Reported Use of Non Opioid Pain Medication
Patient reported use and dose of NSAIDs and acetaminophen
Time frame: Days 1, day 14, 3 Months
Functional Ability/Return to Usual Activities
The RAND health- 20 questionnaire will be used to measure functional ability. We report the domain of "Role Function". Scores for this domain are reported on a scale of 0% to 100%, with 0% representing the worst possible score in that domain and 100% the best possible score.
Time frame: At Baseline and 3 Months (referred to as "3 M" below)
Functional Ability/Return to Usual Activities
The American Pain Outcome questionnaire will be used to measure functional ability. We report the change in the score for "In the last 24 hours how much has pain interfered/prevented you from... Doing activities such as walking, sitting, or standing" between Baseline and 3 months. (scale: 0 = 0% of the time, 10 = 100% of the time)
Time frame: Baseline, Days 1 and 7, Day 14, 3 Months (referred to as "3 M" below)

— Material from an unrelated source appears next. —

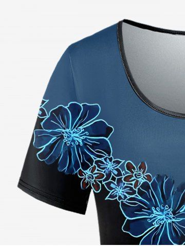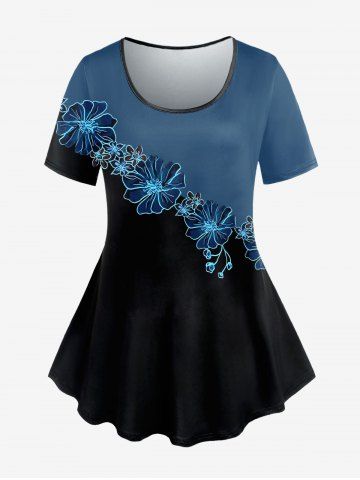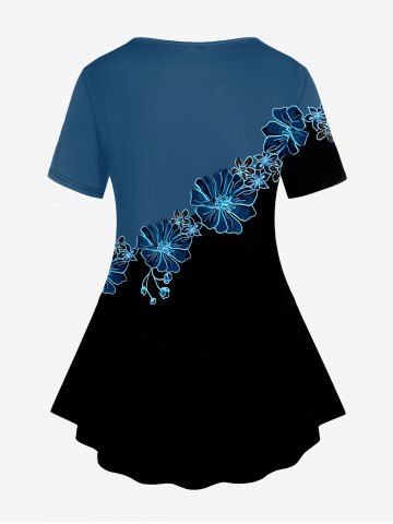 G*****e5Plus Size Colorblock Flower Print Short Sleeves T-shirtColor: BLUE Size: 2XI was pleasantly surprised by the fit. It light and airy. Looking forward to wearing

Patient Reported Shared Decision Making
The CollaboRATE93 scale- a brief, patient reported measure of shared decision making after a clinical encounter will be used. The scale will be adapted to reflect the context of an acute pain clinical encounter in the emergency department. There are three questions scored 0-9 with higher values meaning more collaboration. The average score of the three questions was calculated.
Time frame: Day 1
Satisfaction With Pain Treatment
Participants are asked "How satisfied were you with the results of your pain treatment while in the hospital?" with 0 = extremely dissatisfied and 10 = extremely satisfied.

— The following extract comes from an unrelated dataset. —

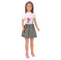 Didelė realistiška lėlė su pieštomis, išraiškingomis akimis ir ilgais, šviesiais plaukais, kuriuos galima šukuoti ir plauti. Aprengta šiuolaikiškais laisvalaikio drabužiais, tinkama kasdieniams žaidimams ir smulkiosios motorikos lavinimui. Puikus pasirinkimas ieškantiems 105 cm vinilo lėlės mergaitės su natūralistinėmis detalėmis ir CE sertifikatu.
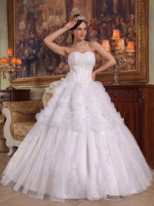 Perfect White Sweetheart Pleats and Embroidery Quinceanera GownPerfect White Sweetheart Pleats and Embroidery Quinceanera Gown

Time frame: Days 1 and 7, Day 14, 3 Months
Trust in Provider
The Trust in Physician scale, will be used to measure the patient's their trust in their provider. Allows Patient to report their perception of their provider. Patients are more likely to be adherent to medical care when they trust their physicians. We report the "Trust in lead clinician" item. Score 0-100, where higher indicates more trust.
Time frame: Day 7
Patient Preference for Treatment Plan
Patients will be provided options for pain treatment for discharge treatment plan. We are reporting out on patients who indicated they preferred any type of opioid.
Time frame: At Baseline
Treatment Plan Agreement Between Patient Preference and Provider Decision
Patient preference will be linked to electronic medical record data. Discordance between risk informed patient preferences and provider selection may indicate failure to achieve an optimized patient centered outcome. We report overall alignment.
Time frame: At Baseline
Self-Report Additional Provider Visits
Self-Report additional provider visits to measure follow-up visits for pain
Time frame: Day 14 and 3 Month
Current Opioid Misuse Measure (COMM)
The Current Opioid Misuse measure (COMM) will be used to measure misuse of opioids.